### DATASET EXCERPT
==========
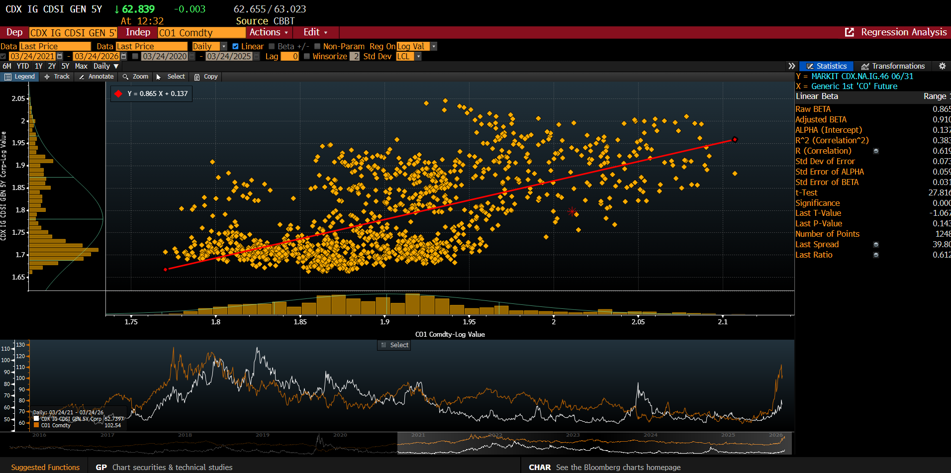 Source for CDX IG Gen 5 Yr Index and Brent Crude Historical Regression Analysis: Bloomberg Terminal as of 3/23/2026
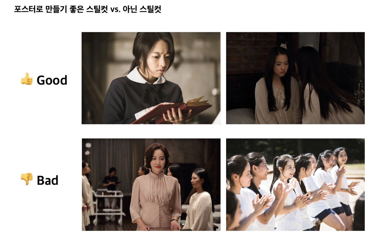 10월에 AI 자동 포스터 제작 시스템이 개발되었고, 지금까지 약 400편의 영화에서 포스터를 추출했습니다. AI가 자동으로 주연 인물 별로 여러 장의 포스터를 만들면 사람이 그중에서 가장 적절한 포스터를 가려내야 합니다. 그러기 위해선 좋은 포스터에 관한 합의가 필요하죠. 여러 콘텐츠에서 AI가 만든 포스터를 보면서 알게 된, 좋은 포스터와 그렇지 않은 포스터의 기준을 정리했습니다.
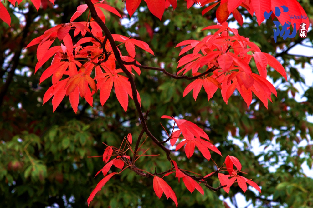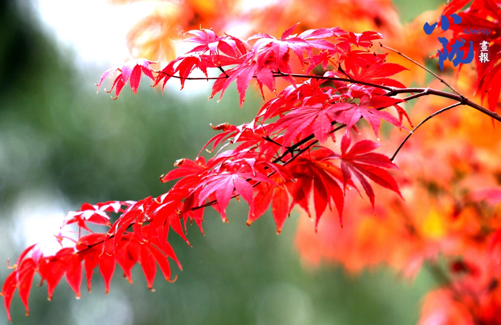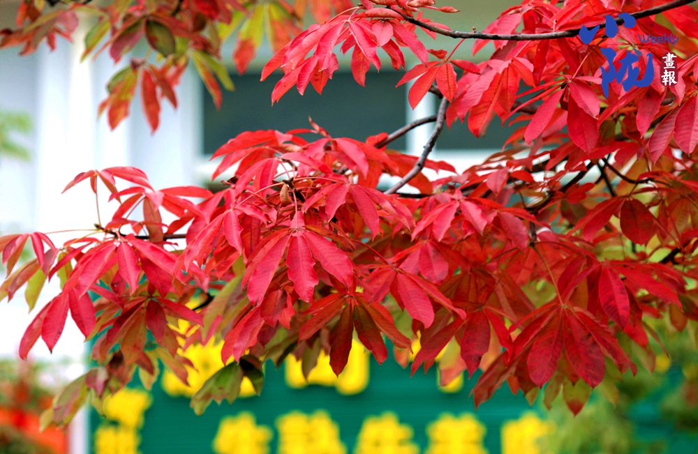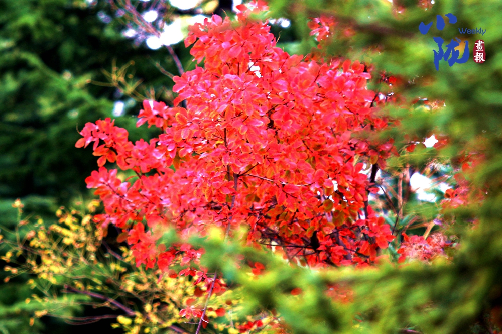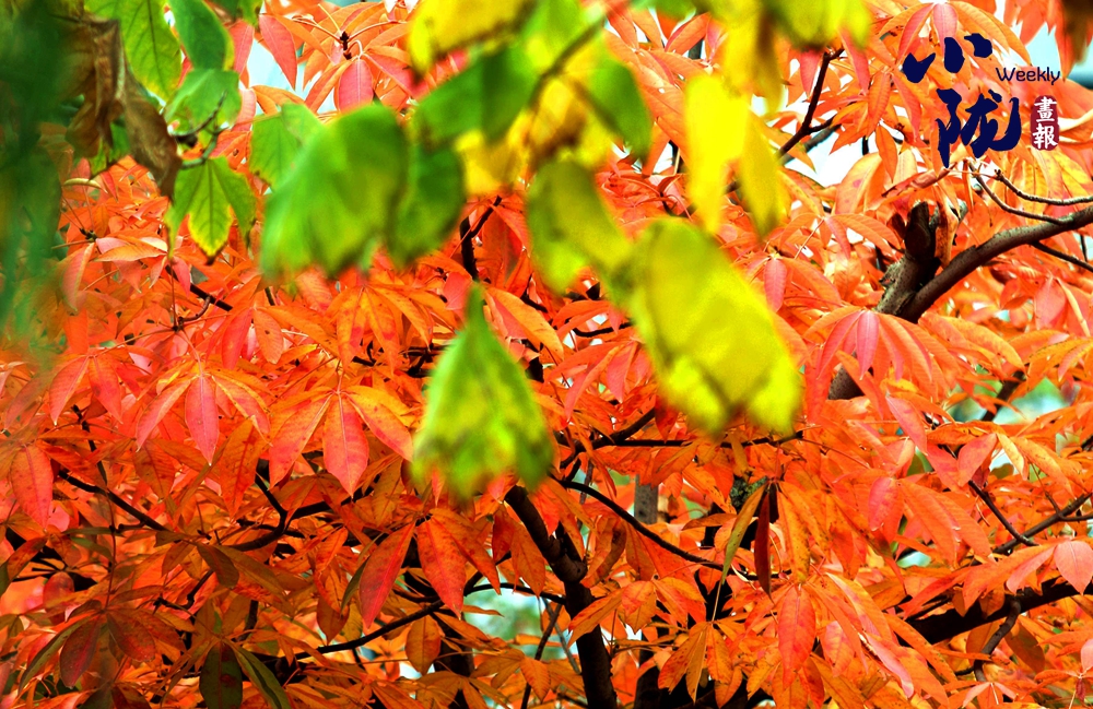 淡淡的秋霜將樹(shù)葉染成綺麗多彩的鮮紅和金黃,與綠葉共舞,層層疊疊,在凋零中展現(xiàn)生命的堅(jiān)韌。
==========
What the task needs is the material above repeated exactly, pictures excepted.

 Source for CDX IG Gen 5 Yr Index and Brent Crude Historical Regression Analysis: Bloomberg Terminal as of 3/23/2026
 10월에 AI 자동 포스터 제작 시스템이 개발되었고, 지금까지 약 400편의 영화에서 포스터를 추출했습니다. AI가 자동으로 주연 인물 별로 여러 장의 포스터를 만들면 사람이 그중에서 가장 적절한 포스터를 가려내야 합니다. 그러기 위해선 좋은 포스터에 관한 합의가 필요하죠. 여러 콘텐츠에서 AI가 만든 포스터를 보면서 알게 된, 좋은 포스터와 그렇지 않은 포스터의 기준을 정리했습니다.
 淡淡的秋霜將樹(shù)葉染成綺麗多彩的鮮紅和金黃,與綠葉共舞,層層疊疊,在凋零中展現(xiàn)生命的堅(jiān)韌。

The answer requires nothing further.